Why is the high-speed rail so fast? What is the source of its power?

As a convenient means of transportation in today's human life, high-speed rail has completely changed our travel and life. The comfortable and fast high-speed rail has always been the first choice for people to travel far. However, although it also runs on rails, high-speed rail has abandoned this traditional energy supply method and chosen a new energy supply method - electricity. On the high-speed rail, there is hot water, lights, and charging, all of which are inseparable from "electricity". So, where does the electricity for high-speed trains come from? Where does it go in the end? How to ensure the safety of electricity use?

First of all, the high-speed rail itself does not carry electrical energy and can only be provided by the electric traction power supply system, which mainly includes substations and contact networks. The substations are further divided into substation departments and distribution departments, and the two work together to complete the power supply work.

Transformation is the process of transferring electric energy through a transformer. The voltage transmitted from the power plant is 220kV, so the EMU cannot use it directly. It must be converted to 27.5kV by the transformer in the substation. Distribution refers to the link in the power system that directly connects to the user and distributes electric energy to the user. High-speed trains obtain electricity through the overhead contact network above the track. The overhead contact network transmits the current to the EMU traction system through the pantograph on the roof of the EMU.

When high-speed trains are running at high speed, the pantograph and the contact network are in "Z" shape contact to realize current supply. This can ensure that the pantograph and the contact network will not continuously generate friction at a certain point and affect their service life.

The carbon slide plate is also an important component of the pantograph of the EMU.

The working voltage of the contact network is 27.5kV. After the current enters the EMU, it must be transferred through the high-voltage equipment box, traction transformer and other equipment on the EMU, and converted into five types of constant current for use by different equipment. Two of the power sources are closely related to passengers' daily travel. One is AC220V, which supplies electricity to the power socket on the EMU, which can be used for small-power electrical appliances such as laptops, mobile phones, and tablets.
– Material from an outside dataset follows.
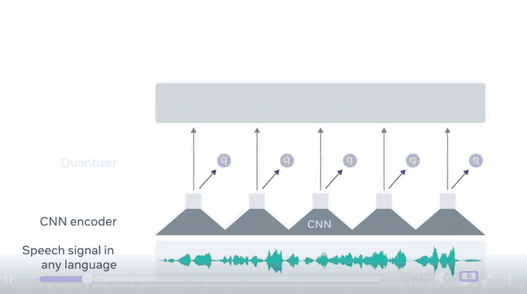 wav2vec 2.0与BERT类似,是通过预测音频mask部分的语音单元来训练的。它们的区别是,语音音频是一种连续的信号,不能轻易清晰地分割成单词或其他单位。

The second is single-phase AC400V, which supplies power to equipment such as ventilation devices, EMU air conditioners, and restaurant electric tea stoves. Another type is DC100V, which continuously outputs electrical energy to keep the lights in the carriages bright at all times, and will not flicker due to changes in light and environment. A variety of lighting control modes are also set on the Fuxing EMU, and the brightness and warmth of the lights in the carriages and corridors will be automatically adjusted according to outdoor conditions.

Features and benefits

At the same time, the high-speed rail power supply system has the following features:

1. High power transmission efficiency. The high-speed rail runs at a very high speed. Traditional transmission lines will cause power loss due to long line distances, high resistance, and large energy losses. By setting up the substation at the center of the high-speed rail, the length and resistance of the transmission line can be reduced, thereby reducing power loss and improving power transmission efficiency.
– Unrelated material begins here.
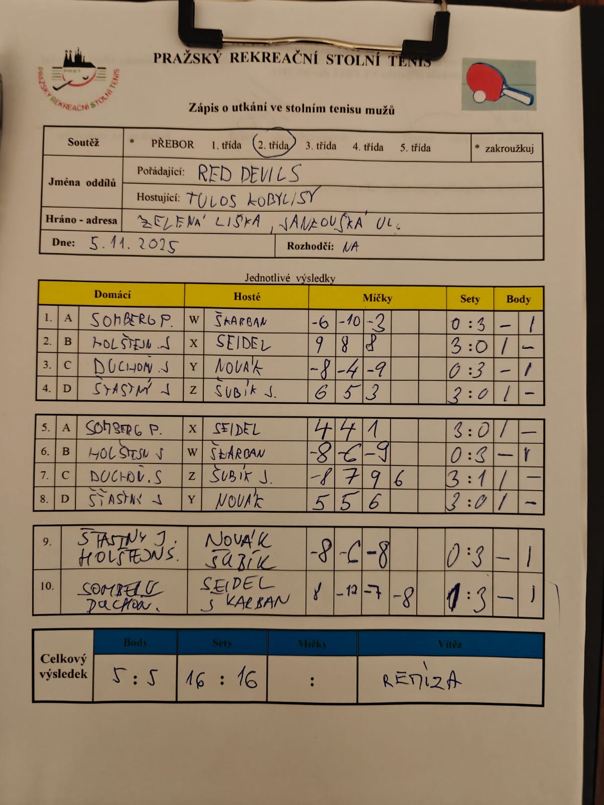 | 7/5 | Red Devils | Tulos Kobylisy | 5 : 5 | st 05.11.2025 19:00 | | | 05.11.2025 22:19 seidel |

2. High safety. High-speed railways run very fast. If traditional power supply methods are used, it is easy to cause safety problems such as electrical failures, line failures, and personal injuries. The use of high-speed rail power supply systems can reduce the number of power supply components, simplify the system structure, and reduce the probability of failures. At the same time, the high-speed rail power supply system is equipped with a high overhead line height, which can avoid vehicle collisions and ensure vehicle driving safety.

3. Environmental protection and energy saving. The high-speed rail power supply system uses electric energy. Compared with traditional fuel energy, power generation has less environmental pollution and is more in line with environmental protection and energy saving requirements.

The above is some popular science about high-speed rail power systems. I hope it can be helpful to you!